* Exercise description:
The lines to print run from the top of the material below to the line with "Beveik visuose konkursui", inclusive; please copy them exactly, without pictures.

Content starts

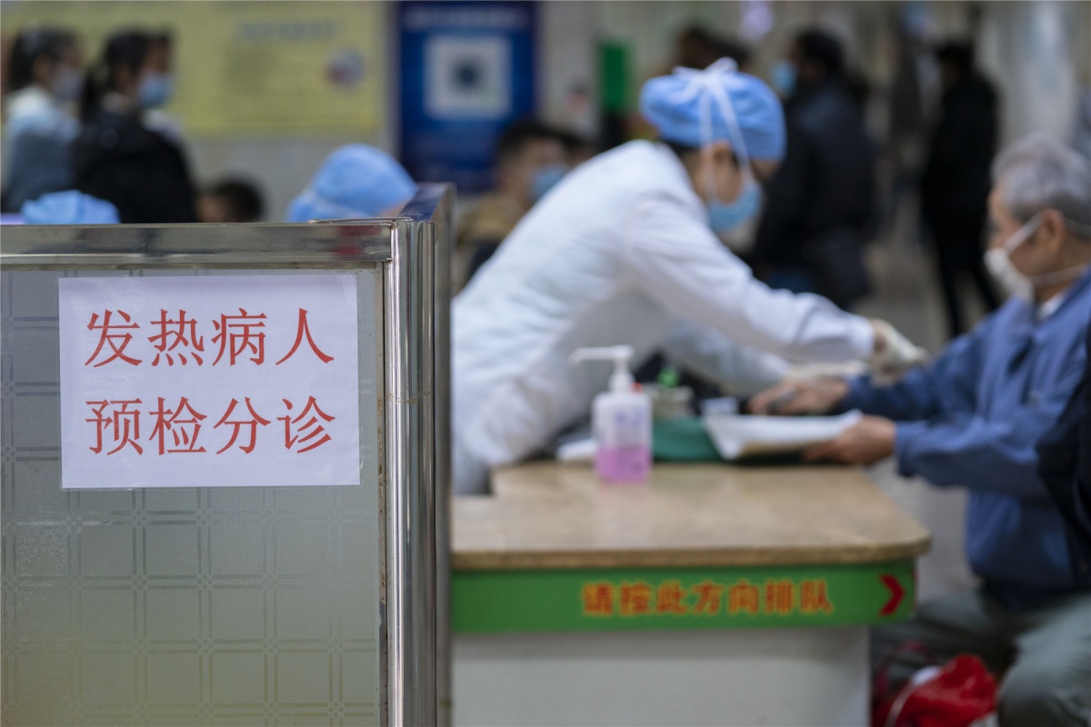 1月26日,市人醫(yī)急診科醫(yī)護人員給發(fā)熱病人做預檢分診。清遠日報全媒體記者 李思靖 攝
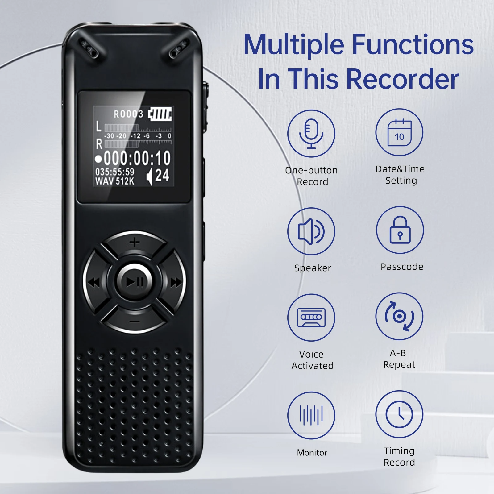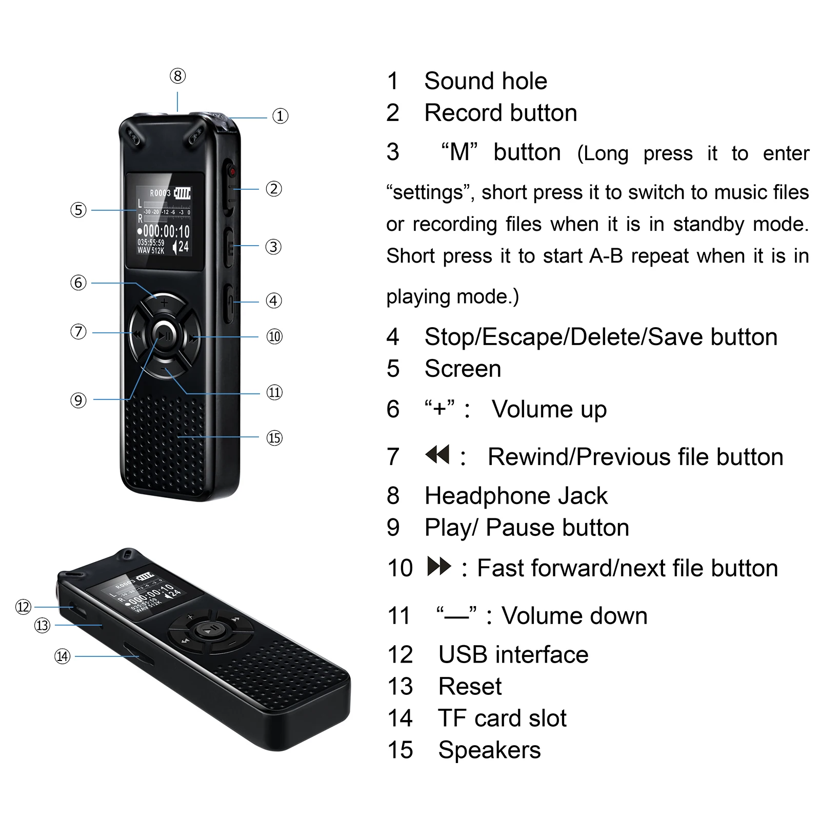 - Chất lượng âm thanh đỉnh của chóp: Micrô giảm tiếng ồn tích hợp cho chất lượng ghi âm cực nét, định dạng WAV hoặc MP3 tùy chọn, lên đến 1536kbps (WAV) - nghe rõ từng hơi thở, thầm thì!
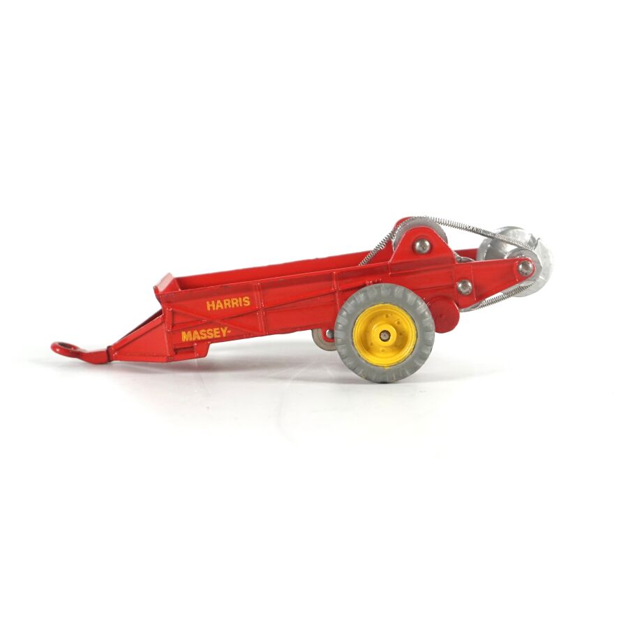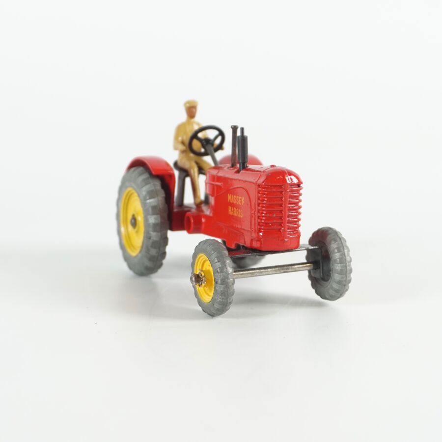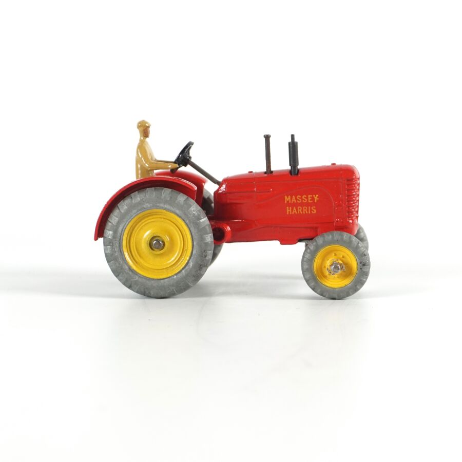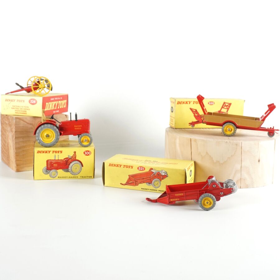 DINKY TOYS : Attelage comprenant un tracteur Massey-Harris, réf. 300, échelle 1/43ème, rouge, avec conducteur ; d'une remorque Harvest Trailer, réf. 320 ; d'une remorque Massey-Harris, réf. 321 et d'une Hay rake réf. 324, présentés dans leurs boîtes d'origine (usures à la boîte, légères écaillures, rouille à la hay).
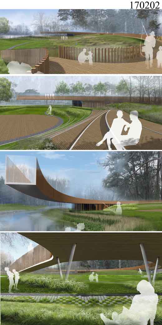 Beveik visuose konkursui pateiktuose projektuose siūloma atgaivinti Skaistakalnio parke esančią Juozo Čerkeso-Besparnio sodybą ir įrengti apžvalgos aikštelę.
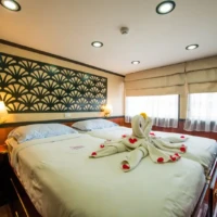 Conveniences: All cabins are exterior-facing and equipped with two low beds that can be joigned together, large storage space, private bathroom with shower, air-conditioning, safe, hairdryer, dresser. Toiletries are available for your use. Onboard Wi-Fi. One cabin on the main deck has an extra bed for a third person (child up to 16).
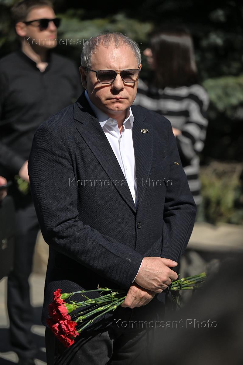 Farewell ceremony for President of the National Association of Broadcasters Eduard Sagalaev at the Troyekurovsky cemetery. Chairman of the Russian State Duma Committee on Information Policy, Information Technologies and Communications Alexander Khinshtein after the ceremony.
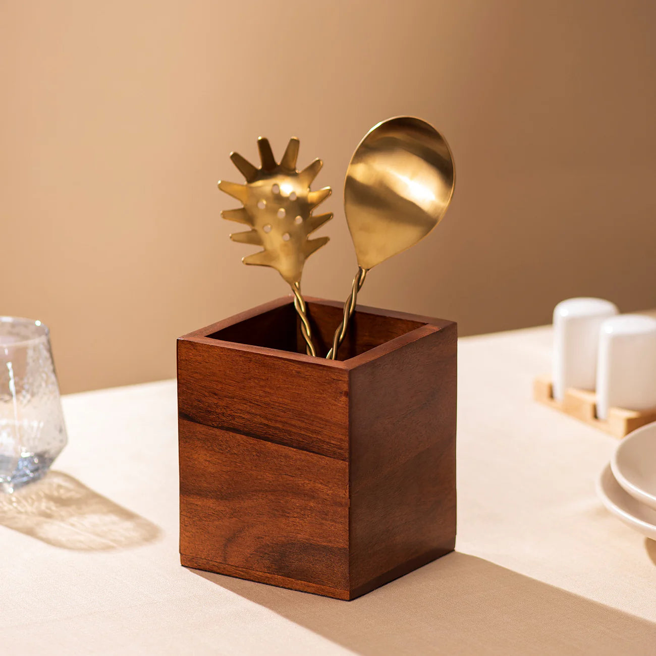 Add a touch of elegance and organization to your dining space with our handcrafted Wooden Cutlery Holder. Made from premium quality wood, this holder is designed to keep your spoons, forks, and knives neatly arranged while adding a rustic yet modern charm to your table. Its durable build ensures long-lasting use, while the smooth finish enhances the natural grain of the wood. Perfect for everyday meals or special gatherings, it helps keep your cutlery accessible and your dining area clutter-free. A versatile accessory, it can also be used to store straws, napkins, or kitchen tools with style.
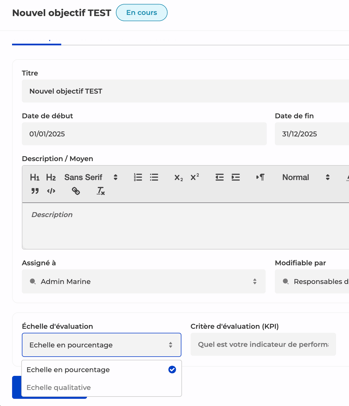 Lors de la création des objectifs vous pouvez choisir l'échelle de votre choix (Qualitative ou Quantitative).
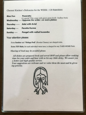 以前はたしかソイ19にあったはずだが先日のSaravanaa Bhavan同様、「バンコク 南インド料理」でググったら出て来た。

Content ends

* Exercise result:
 1月26日,市人醫(yī)急診科醫(yī)護人員給發(fā)熱病人做預檢分診。清遠日報全媒體記者 李思靖 攝
 - Chất lượng âm thanh đỉnh của chóp: Micrô giảm tiếng ồn tích hợp cho chất lượng ghi âm cực nét, định dạng WAV hoặc MP3 tùy chọn, lên đến 1536kbps (WAV) - nghe rõ từng hơi thở, thầm thì!
 DINKY TOYS : Attelage comprenant un tracteur Massey-Harris, réf. 300, échelle 1/43ème, rouge, avec conducteur ; d'une remorque Harvest Trailer, réf. 320 ; d'une remorque Massey-Harris, réf. 321 et d'une Hay rake réf. 324, présentés dans leurs boîtes d'origine (usures à la boîte, légères écaillures, rouille à la hay).
 Beveik visuose konkursui pateiktuose projektuose siūloma atgaivinti Skaistakalnio parke esančią Juozo Čerkeso-Besparnio sodybą ir įrengti apžvalgos aikštelę.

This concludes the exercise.